26.12.11

Numbers suggest LA Democrat decline hard to reverse

As actually has occurred now for several decades, partisan dealignment nationally continues with no letup as the two majors parties lose affiliates while those who claim none increase in numbers. Louisiana’s history in this regard illustrates the evolving political culture and trends of the state that differ from the national scene.

Of the 49 states that observe voter registration, four-sevenths require some affirmation of partisan status. And of those 28 states, in 25 Democrat registrations have declined since 2008 and in three-quarters of them Republican registrations have followed the same course. Meanwhile, those not affiliated (often called “independents” but legally in Louisiana known as “no party” registrants) have gone down in only 10.

The last year of the quadrennial election cycle typically has the highest number of registrants while the midterm has the lowest, with a slight increase in the third year such as 2011, so the drop partly is a result of that cyclical dynamic.
Still, the comparison of changes across the three categories clearly shows the dealignment effect. And when investigated at the micro level as with a single state, it also can tells about its changing electoral conditions.

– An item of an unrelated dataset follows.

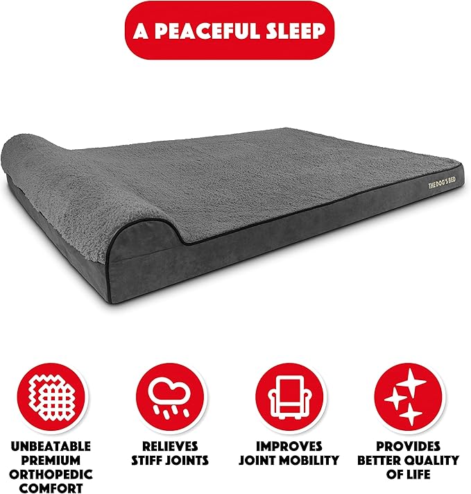 The Dog’s Bed Orthopedic Headrest Dog Bed XXXL Grey Plush 64x44, Memory Foam, Pain Relief for Arthritis, Hip & Elbow Dysplasia, Post Surgery, Lameness, Supportive, Waterproof Washable Cover

As in Louisiana, where over the past eleven years some tremendous changes have happened. In 2000, at a shade over 950,000, white Democrats comprised well over half of all Democrats, over half of all white voters, more than white Republicans and no party voters combined, and not many fewer than all non-Democrats combined. Add the nearly 800,000 black Democrats, and even a decade ago Democrats constituted a powerful political force although more at the state and local level, as some displayed a dual partisanship that led them to vote regularly for Republicans for national offices.

The latest figures at the end of November of this year paint a much different picture. The number of white voters statewide has increased slightly, while black voters’ numbers have gone up about 10 percent. But the proportion of Democrats has fallen nearly 14 percent in the interim, or nearly 225,000. It would have fallen more without that increase in black registrants, although the majority of the additional entrants did not choose to register as Democrats, as the number of white Democrats has plunged about 29 percent or nearly 275,000.

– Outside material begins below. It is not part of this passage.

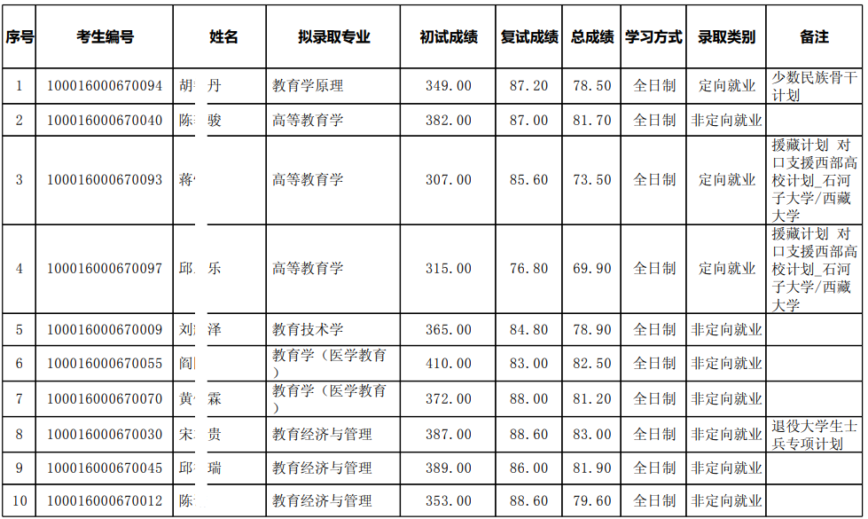 经北京大学研究生院审核批准,北京大学教育学院研究生招生拟录取名单(硕士统考生)公示。名单自即日起公示7日。

No and other party registrants have increased around 190,000 or 39 percent since, but Republicans also have benefitted, boosting their numbers 27 percent or close to 164,000. That the combined figure of these two greatly exceeds the total loss by Democrats suggests disproportionately new entrants shy away from Democrats and switching that favors all but Democrats.

A review of annual changes confirms this supposition. White Democrats have lost more than one percent of their numbers every year, with the worst being over a seven percent plunge in 2010. By contrast, Democrats as a whole actually gained registrations twice over that span on the strength of black increases, mysteriously in 2003 and a hearty better than four percent jump in 2008 in response to the historic candidacy of Pres. Barack Obama, while Republicans increased in all but 2002 and 2006 with very small declines then, and with other and no party registrants decreasing only in 2010.

Republicans proved the exception to the midterm drop off in 2010 with a gain of over one percent, and in 2008 gained nearly five percent while, despite this typically being the year of largest changes upwards, no and other party registrant totals barely went higher, Democrats increased just over one percent on the strength of Obama’s candidacy, as white Democrats were off a steep four percent. The apparent deviance of these results is explained by this being the period of closed primaries in federal elections, where those who had been voting for Republicans in blanket primaries now could not, and had to switch their affiliations accordingly. These numbers reinforce the mistake Republican state officeholders made in not only allowing the system to revert back beginning next year, but in championing it, in terms of party-building.

So, in contrast to most states, Louisiana has not experienced unimpeded dealignment but has combined it with realignment away from Democrats towards Republicans. Further, this realignment has occurred markedly and in a discontinuous fashion only in concern with sub-national offices, while the gradual realignment concerning national elections matches the trend of the past fifty years. Why that acceleration occurred stems from the retreat of the populist persuasion, as the contradictions of it have become increasingly more difficult to hide in an era of wider information dissemination that has made more easily linkable the ideology and the issues of national politics with those at the state level.

Expect Louisiana to continue to buck the trend of dealignment dominance, at the national level largely a consequence of legal and social forces empowering candidates at the expense of parties, because candidates already have enjoyed such an advantage historically in the state. Whereas change promotes identification with candidates nationally, in Louisiana the factors bringing congruence of belief to partisanship only now are coming into prominence, to the GOP’s advantage. Unless or until Democrats at the state level differentiate themselves from the national party towards the ideological center, or the national party joins them in that effort, dealignment and realignment will pick away at them until their registrant numbers adhere to their actual voting strength as the state’s minority party.